By Fleming's left hand rule the force acts at right angles to both the conventional current (opposite the velocity of the electron) and the field. Thus at any rate the force is at right angles to the field.

21) Answer: A.
$\Phi=BAN\cos \theta$.
At $\theta=50^o$ we have $\Phi=(2.8\times 10^{-2})(4.2\times 10^{-3})(50)(\cos 50^o)=3.779... Wb\ turns$.
At $\theta=0^o$ we clearly just have $\Phi=BAN$, which is simply the previous answer divided by $\cos 50^o$ (since previous answer = $BAN\cos 50^o$).

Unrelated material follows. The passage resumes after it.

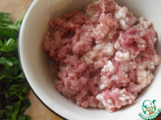 Мясо режем на кубики, как на манты (0,5 см примерно). На фото видно, что тут и грудинка, и постное мясо.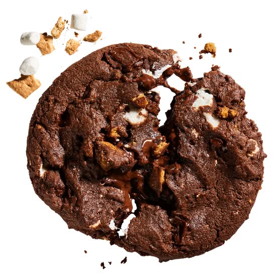 A warm, decadent chocolate cookie packed with toasty marshmallow, crunchy graham cracker, and chocolate chunks.

Therefore $\frac{3.779...}{\cos 50^o}=5.88\times 10^{-3}Wb\ turns$.
It follows that $\Delta\Phi=5.88\times 10^{-3}-3.779...\times 10^{-3}=2.1\times 10^{-3}Wb\ turns\ (2\ s.f)$, as claimed.

24) Answer: Not entirely sure about this one but I think it's A.
Step up transformer so $N_p<N_s$. For any transformer at all it's obvious that $P_{out}\le P_{in}$ (with equality if and only if it is 100% efficient). Therefore $I_sV_s\le I_pV_p$ or $\frac{I_s}{I_p}\le \frac{V_p}{V_s}=\frac{N_p}{N_s}<1$ where the final inequality follows from the fact that $N_p<N_s$ (see above). We also have $\Phi\propto N$ since B,A and theta are all constant in this situation (and $\Phi=BAN\cos \theta$). Therefore $\frac{\Phi_s}{\Phi_p}=\frac{N_s}{N_p}>1$.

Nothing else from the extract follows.